**Stored dataset items:**
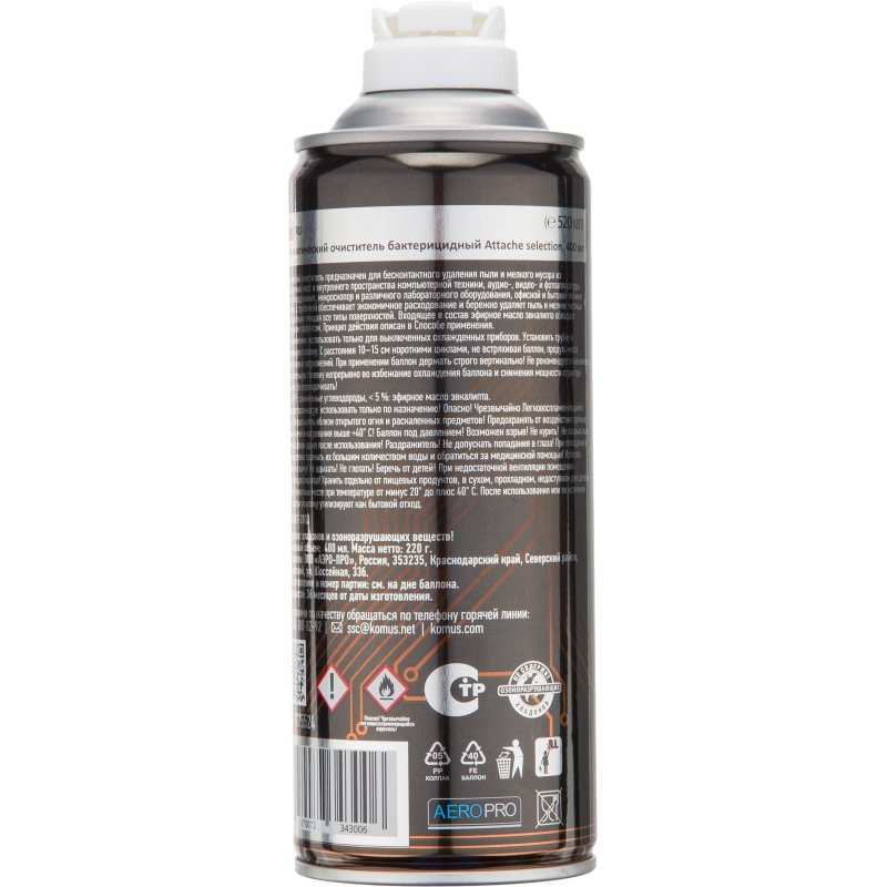 Пневматический очиститель предназначен для бесконтактного удаления пыли и мелкого мусора из труднодоступных мест и внутреннего пространства компьютерной техники, аудио-, видео- и фотоаппаратуры, швейного оборудования, микроскопов и различного лабораторного оборудования, офисной и бытовой техники. Распылитель с трубочкой обеспечивает экономичное расходование и бережно удаляет пыль и мелкие частицы мусора, тщательно очищая все типы поверхностей. Входящее в состав эфирное масло эвкалипта обладает бактерицидным эффектом. Номинальный объем: 400 мл. Масса нето: 220 г. Способ применения: Использовать только для выключенных охлажденных приборов. Установить трубку в распылительную головку. С расстояния 10-15 см короткими циклами, не встряхивая баллон, продуть места скопления пыли и загрязнений. При применении баллон держать строго вертикально! Не рекомендуется нажимать на распылительную головку непрерывно во избежание охлождения баллона и снижения мощности струи при распылении Состав: >30%: сжиженные углеводороды, < 5%: эфирное масло эвкалипта. Меры предосторожности: Использовать только по назначению! Опасно! Чрезвычайно Легковоспламеняющийся аэрозоль! Не распылять вблизи открытого огня и раскаленных предметов! Предохранять от воздействия прямых солнечных лучей и нагревания выше +40°C! Баллон под давлением! Возможен взрыв! Не курить! Не вскрывать и не сжигать баллон даже после использования! Раздражитель! Не допускать попадания в глаза! При попадании в глаза немедленно промыть их большим количеством воды и обратиться за медицинской помощью! Избегать попадания на кожу! Не вдыхать! Не глотать! Беречь от детей! При недостаточной вентиляции помещения использовать респиратор! Хранить отдельно от пищевых продуктов, в сухом, прохладном, недоступном для детей и домашних животных месте при температуре от минус 20 до плюс 40 °С. После использования или по истечении срока годности упаковку утилизируют как бытовой отход.
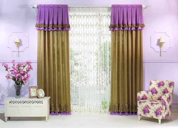 Хорошо смотрятся сиреневые ламбрекены с золотыми портьерами.
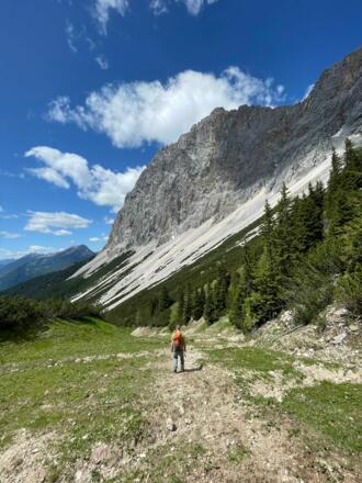 Mit der Ehrwalder Almbahn bis zur Bergstation. Dann weiter Richtung Issentalkopf-Sessellift.
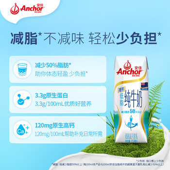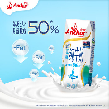安佳(Anchor)低脂高钙牛奶 250ml*24盒 新西兰原装进口草饲减少50%脂肪
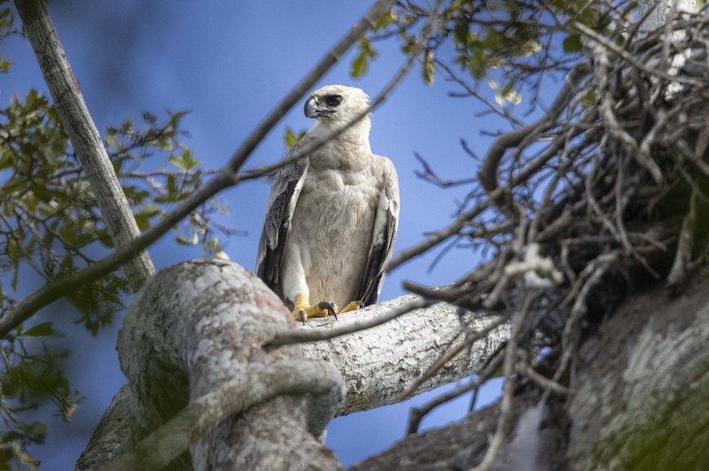 Eunápolis, 25 de abril de 2022 – Um exemplar raríssimo de harpia (Harpia harpyja), a maior águia das Américas, foi fotografado próximo ao seu ninho na região do município de Belmonte, no sul baiano. A presença da ave tem imenso valor, pois a espécie corre risco e é extremamente rara na Bahia. O ninho da ave foi encontrado pelo Projeto Harpia em uma fazenda, após o filhote ter sido avistado pelos proprietários da área.
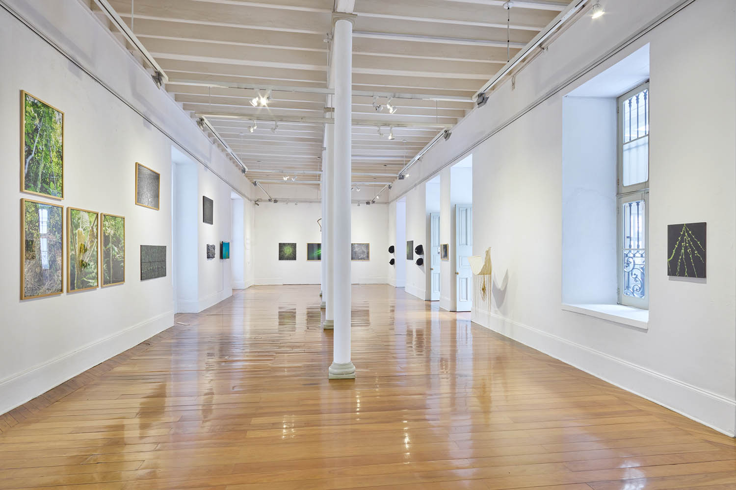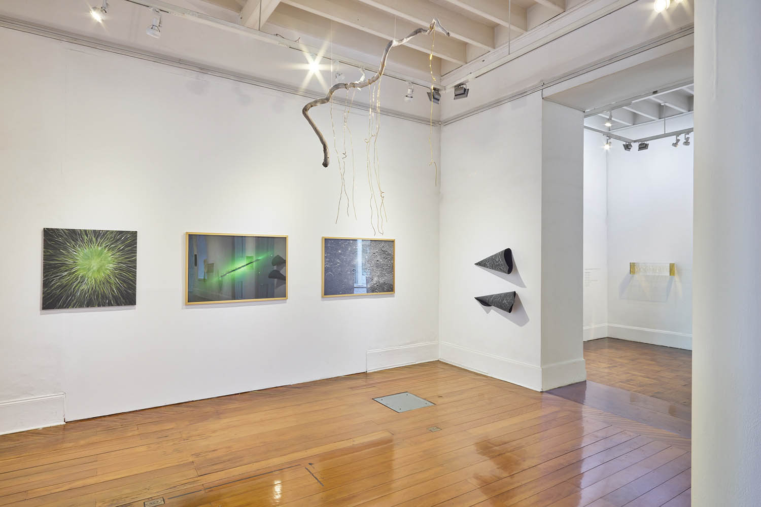 El arco visual que delinea Lorena Noblecilla en esta exposición es decididamente más amplio y abarcador que su reflexión acerca de la naturaleza en su individual anterior, titulada “Lección de Historia Natural”, en 2023. Ahí donde buena parte de su interés estaba potentemente puesto en la materia, ahora lo está en la energía, sobre todo en la lumínica. La propuesta está visualmente signada por el verde como color, que prima tanto por el lado de la pintura fluorescente que la artista usa puntualmente en un reducido número de obras pictóricas, como en una visión del bosque amazónico en su fotografía, testimonio patente de un reino de la clorofila, que fija la luz y la convierte en alimento, y con ello está al origen de la configuración de la cadena alimentaria.
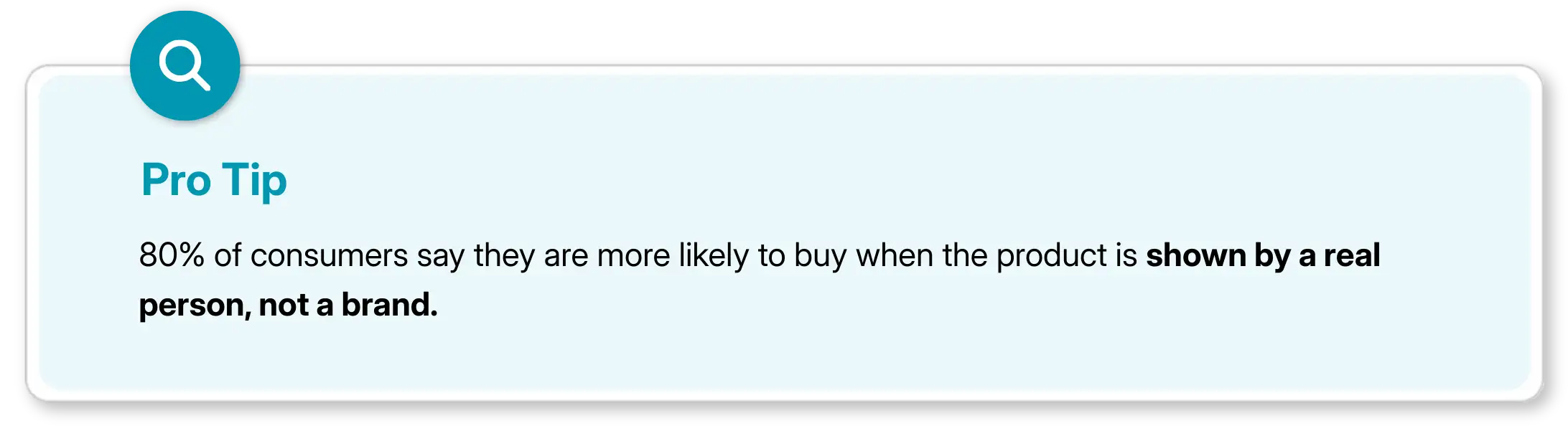 Boosts Social Engagement: UGC typically performs better than brand-created content because users view it as more authentic, real, and relatable. As an example, UGC shows customers using the product in everyday life or joining in on a trending TikTok challenge. This increased amount of engagement leads to a significant increase in:

**Exercise instructions:** When you copy the entries above, keep every word exactly and omit the images.

**Exercise response:**
 Пневматический очиститель предназначен для бесконтактного удаления пыли и мелкого мусора из труднодоступных мест и внутреннего пространства компьютерной техники, аудио-, видео- и фотоаппаратуры, швейного оборудования, микроскопов и различного лабораторного оборудования, офисной и бытовой техники. Распылитель с трубочкой обеспечивает экономичное расходование и бережно удаляет пыль и мелкие частицы мусора, тщательно очищая все типы поверхностей. Входящее в состав эфирное масло эвкалипта обладает бактерицидным эффектом. Номинальный объем: 400 мл. Масса нето: 220 г. Способ применения: Использовать только для выключенных охлажденных приборов. Установить трубку в распылительную головку. С расстояния 10-15 см короткими циклами, не встряхивая баллон, продуть места скопления пыли и загрязнений. При применении баллон держать строго вертикально! Не рекомендуется нажимать на распылительную головку непрерывно во избежание охлождения баллона и снижения мощности струи при распылении Состав: >30%: сжиженные углеводороды, < 5%: эфирное масло эвкалипта. Меры предосторожности: Использовать только по назначению! Опасно! Чрезвычайно Легковоспламеняющийся аэрозоль! Не распылять вблизи открытого огня и раскаленных предметов! Предохранять от воздействия прямых солнечных лучей и нагревания выше +40°C! Баллон под давлением! Возможен взрыв! Не курить! Не вскрывать и не сжигать баллон даже после использования! Раздражитель! Не допускать попадания в глаза! При попадании в глаза немедленно промыть их большим количеством воды и обратиться за медицинской помощью! Избегать попадания на кожу! Не вдыхать! Не глотать! Беречь от детей! При недостаточной вентиляции помещения использовать респиратор! Хранить отдельно от пищевых продуктов, в сухом, прохладном, недоступном для детей и домашних животных месте при температуре от минус 20 до плюс 40 °С. После использования или по истечении срока годности упаковку утилизируют как бытовой отход.
 Хорошо смотрятся сиреневые ламбрекены с золотыми портьерами.
 Mit der Ehrwalder Almbahn bis zur Bergstation. Dann weiter Richtung Issentalkopf-Sessellift.
安佳(Anchor)低脂高钙牛奶 250ml*24盒 新西兰原装进口草饲减少50%脂肪
 Eunápolis, 25 de abril de 2022 – Um exemplar raríssimo de harpia (Harpia harpyja), a maior águia das Américas, foi fotografado próximo ao seu ninho na região do município de Belmonte, no sul baiano. A presença da ave tem imenso valor, pois a espécie corre risco e é extremamente rara na Bahia. O ninho da ave foi encontrado pelo Projeto Harpia em uma fazenda, após o filhote ter sido avistado pelos proprietários da área.
 El arco visual que delinea Lorena Noblecilla en esta exposición es decididamente más amplio y abarcador que su reflexión acerca de la naturaleza en su individual anterior, titulada “Lección de Historia Natural”, en 2023. Ahí donde buena parte de su interés estaba potentemente puesto en la materia, ahora lo está en la energía, sobre todo en la lumínica. La propuesta está visualmente signada por el verde como color, que prima tanto por el lado de la pintura fluorescente que la artista usa puntualmente en un reducido número de obras pictóricas, como en una visión del bosque amazónico en su fotografía, testimonio patente de un reino de la clorofila, que fija la luz y la convierte en alimento, y con ello está al origen de la configuración de la cadena alimentaria.
 Boosts Social Engagement: UGC typically performs better than brand-created content because users view it as more authentic, real, and relatable. As an example, UGC shows customers using the product in everyday life or joining in on a trending TikTok challenge. This increased amount of engagement leads to a significant increase in:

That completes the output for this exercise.